Here \(\pi_{2} = (0.1111, 0.4444, 0.4444)\)
To compare the two models, we sum the first two elements and the third and fourth elements of \(\pi_{1}\)
to get \((0.1707, 0.4390, 0.3902)\). Hence in the first (Erlang repair of rate \(2\) per day) scenario, the probability of two machines
being operational is less than in the second (exponential repair of rate \(2\) per day) scenario. The probability of no machines being
operational is also far greater in the first (Erlang repair of rate \(2\) per day) scenario than in the second (exponential repair of rate \(2\) per day) scenario.
The probability of a single machine being operational is more comparable but is marginally less in the first (Erlang repair of rate \(2\) per day) scenario.
Exercise 13.9
Using the code given, change the size to \(1000\).
The first \(100\) data are tainted by a transient effect caused by the system being empty at the start.

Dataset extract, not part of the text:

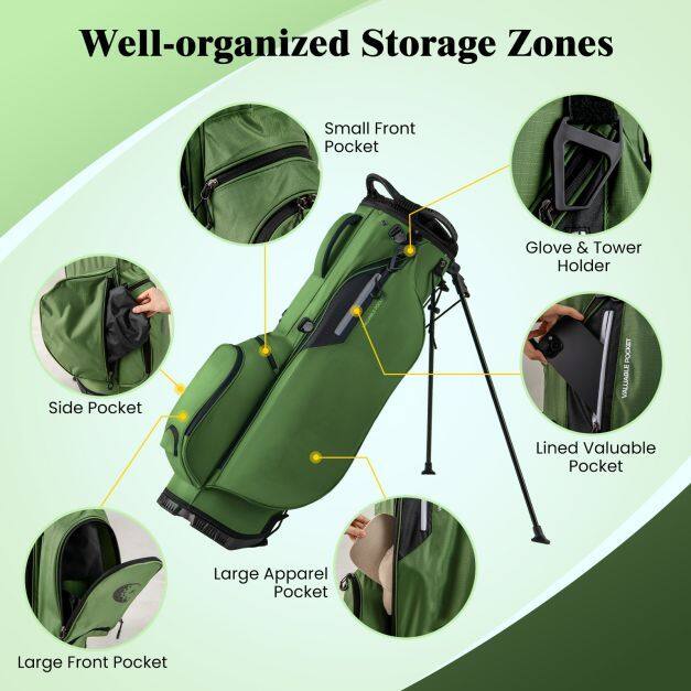 ● Efficient Storage Solution: This golf stand bag comes with 5 zippered pockets, including a soft lined valuables pocket with waterproof zipper, a small pocket for balls or tees, a large front pocket, a side pocket and a full length apparel pocket. All your golf necessities can be neatly stored.

By ignoring these first \(100\) data we
hope to have achieved a better realisation of covariance stationarity. Another way to achieve this is to run a pilot simulation, calculate the average
loadings and preload the system at the start of your actual simulation runs with these average values.